@ Gopher - Damn right, screw the new vampires. Im sure you knew i meant that kind of vampire anyway, I wouldnt go comparing us to the new renditions of vampires. We just dont belong in highschool dramatic love story kind of settings. We belong in the dark, sucking the life from those we dont believe deserve it.
@ Moocow - INTJs cant help themselves, haveing such strong intuition, coupled with it being introverted, makes them borderline psychopaths sometimes. Naturally jumping to conclusions, making assumptions, coupled with extroverted thinking, can lead to diarrhea of the mouth.

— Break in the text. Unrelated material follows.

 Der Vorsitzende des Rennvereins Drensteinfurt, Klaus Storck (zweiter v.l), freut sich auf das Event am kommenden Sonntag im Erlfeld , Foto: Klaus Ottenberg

When talking to my brother, i often just let him run his mouth. Its not worth trying to voice any opinions, he will either just try to keep going and talk over me, or stop and begin to talk shit about whatever i said. I tend to not say anything for so long that eventually i will start repeating back what he is telling me, but in my own words so he knows i am listening, just trying to be nice becasue i know he would be adgitated if he knew i wasnt listening. And he still ends up talking shit, saying that i am stupid and that all i ever do is repeat what he says.

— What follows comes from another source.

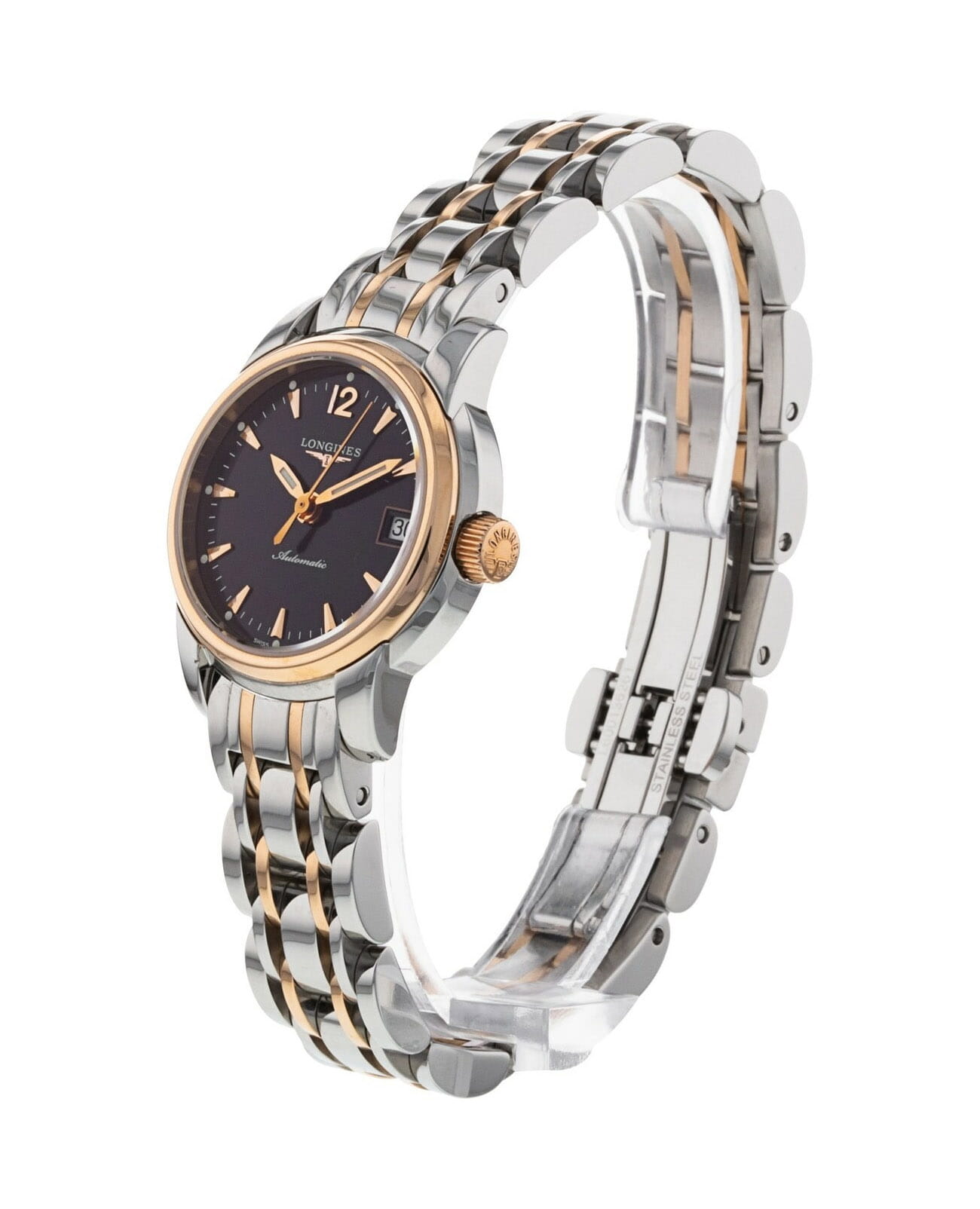 Женские швейцарские механические часы с автоподзаводом Longines Saint-Imier L2.263.5.52.7. Сапфировое стеклоСапфировое стеклоПрочный и надёжный материал из кристалла сапфира синтетического происхождения, характеризующийся особой твёрдостью и устойчивостью к царапинам и повреждениям. устойчивое к появлению царапин, обладающее высокой прозрачностью. Корпус часов изготовлен из нержавеющей стали. БезельБезельВнешний ободок, закрепляющий стекло. В спортивных часах так называется поворотное кольцо с делениями на циферблате, выполняет роль таймера – замеряет отрезки времени на шкале. Неподвижный безель – элемент декора. Однонаправленно вращающийся безель на дайверских часах позволяет фиксировать моменты погружения и выныривания на поверхность. с 18-каратным золотом18-каратное золотоОбозначение по каратной системе пробирования, оно показывает, сколько драгоценного металла содержится в изделии. 18 карат - в составе 75% чистого золота, соответствует 750 пробе.

It is actually pretty shameful, when i stop and think about it sometimes, i realize just how inefficient INTJs really are. He plots and plans the same things over and over and over. He has been planning the same things since he was 13 or so, with little change in any of the plans. I sometimes wonder if he is an ISTJ like my mother, who also blathers on about the most meaningless day to day plans, but hers are more immediate, and his are a little more distant. I often think that if i put half as much time into constructive thought as him, i would get twice the result... but it is such a mindless seeming process that i cant even begin to focus on it. So i cant deny that an INTJ still has the upper hand in the game of life, but they have a pretty inefficient thought process, they lack deductive logic.